With the images removed, write out every line below exactly.

+++

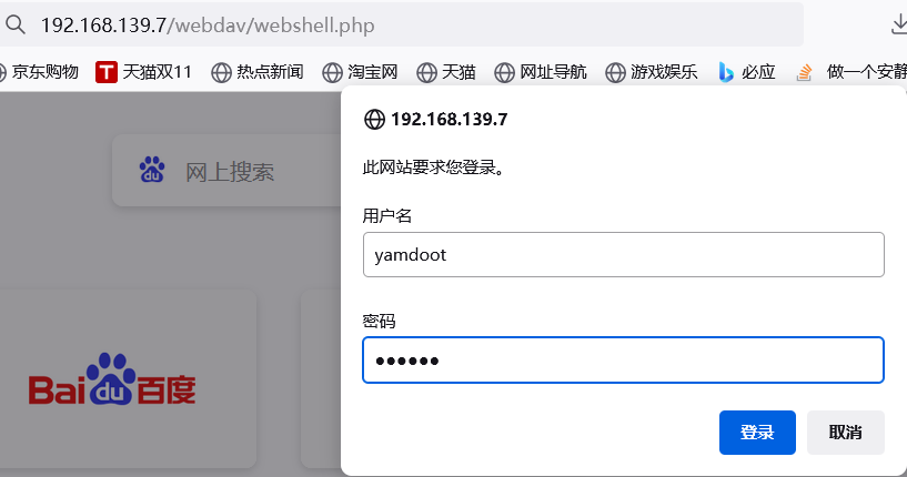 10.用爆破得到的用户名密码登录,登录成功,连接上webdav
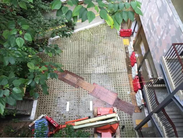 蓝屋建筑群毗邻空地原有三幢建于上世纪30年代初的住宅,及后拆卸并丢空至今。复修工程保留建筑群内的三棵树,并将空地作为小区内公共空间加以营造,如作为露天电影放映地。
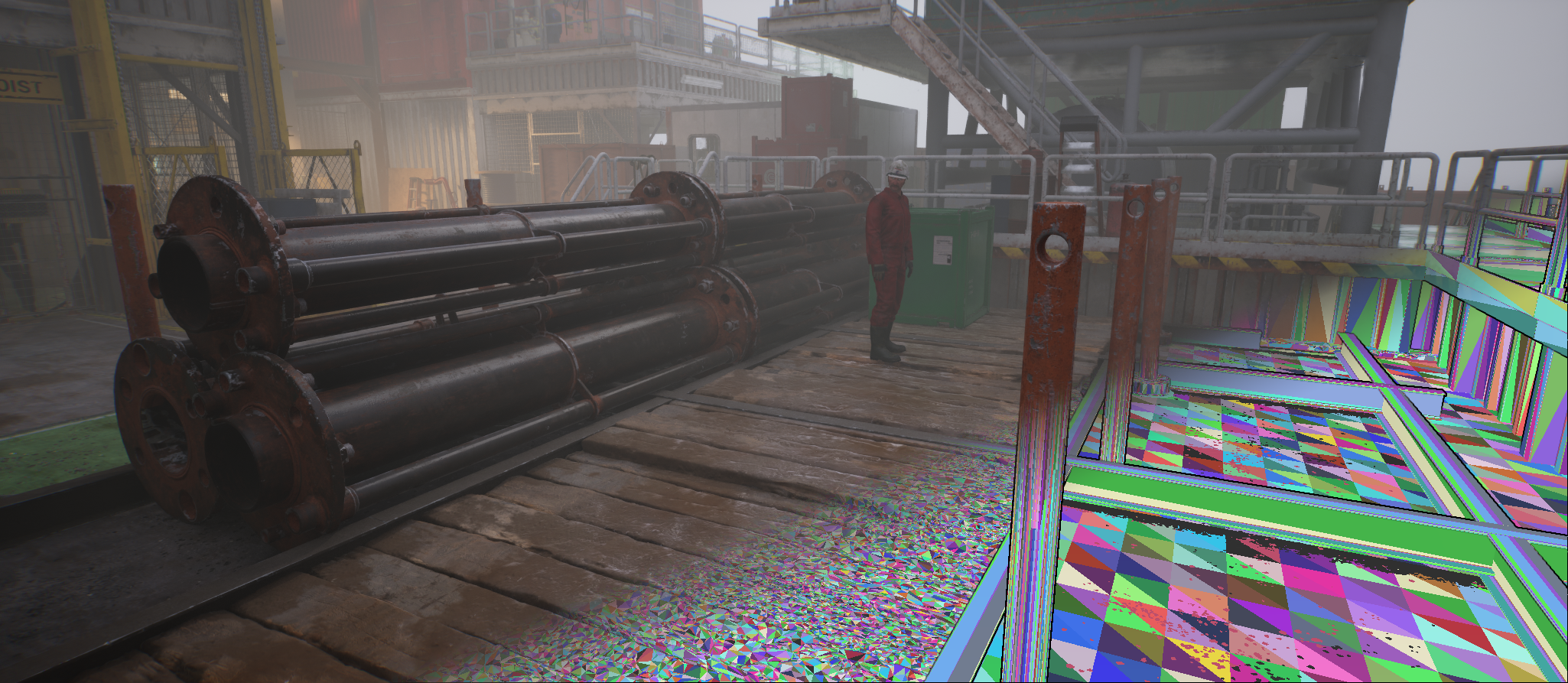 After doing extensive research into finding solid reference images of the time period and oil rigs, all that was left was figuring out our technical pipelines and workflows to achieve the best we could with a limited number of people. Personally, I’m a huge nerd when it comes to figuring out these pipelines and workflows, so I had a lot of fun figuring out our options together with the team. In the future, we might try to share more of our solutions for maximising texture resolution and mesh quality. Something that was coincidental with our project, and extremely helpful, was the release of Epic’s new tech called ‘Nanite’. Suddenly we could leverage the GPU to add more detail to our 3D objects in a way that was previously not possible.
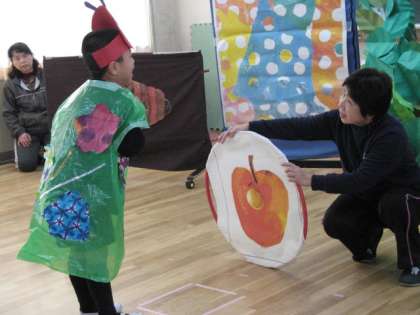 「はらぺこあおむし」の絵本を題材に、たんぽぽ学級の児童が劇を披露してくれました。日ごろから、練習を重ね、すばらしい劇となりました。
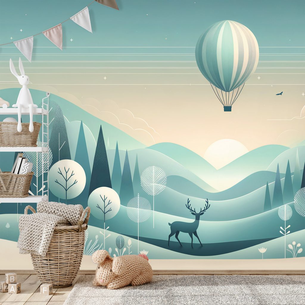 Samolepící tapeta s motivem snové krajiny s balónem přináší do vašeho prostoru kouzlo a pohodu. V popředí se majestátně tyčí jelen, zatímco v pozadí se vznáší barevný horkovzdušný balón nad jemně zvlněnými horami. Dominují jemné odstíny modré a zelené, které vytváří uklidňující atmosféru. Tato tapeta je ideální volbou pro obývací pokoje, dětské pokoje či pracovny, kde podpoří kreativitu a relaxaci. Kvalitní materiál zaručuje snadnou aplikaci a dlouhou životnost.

+++

**Exercise output**.
 10.用爆破得到的用户名密码登录,登录成功,连接上webdav
 蓝屋建筑群毗邻空地原有三幢建于上世纪30年代初的住宅,及后拆卸并丢空至今。复修工程保留建筑群内的三棵树,并将空地作为小区内公共空间加以营造,如作为露天电影放映地。
 After doing extensive research into finding solid reference images of the time period and oil rigs, all that was left was figuring out our technical pipelines and workflows to achieve the best we could with a limited number of people. Personally, I’m a huge nerd when it comes to figuring out these pipelines and workflows, so I had a lot of fun figuring out our options together with the team. In the future, we might try to share more of our solutions for maximising texture resolution and mesh quality. Something that was coincidental with our project, and extremely helpful, was the release of Epic’s new tech called ‘Nanite’. Suddenly we could leverage the GPU to add more detail to our 3D objects in a way that was previously not possible.
 「はらぺこあおむし」の絵本を題材に、たんぽぽ学級の児童が劇を披露してくれました。日ごろから、練習を重ね、すばらしい劇となりました。
 Samolepící tapeta s motivem snové krajiny s balónem přináší do vašeho prostoru kouzlo a pohodu. V popředí se majestátně tyčí jelen, zatímco v pozadí se vznáší barevný horkovzdušný balón nad jemně zvlněnými horami. Dominují jemné odstíny modré a zelené, které vytváří uklidňující atmosféru. Tato tapeta je ideální volbou pro obývací pokoje, dětské pokoje či pracovny, kde podpoří kreativitu a relaxaci. Kvalitní materiál zaručuje snadnou aplikaci a dlouhou životnost.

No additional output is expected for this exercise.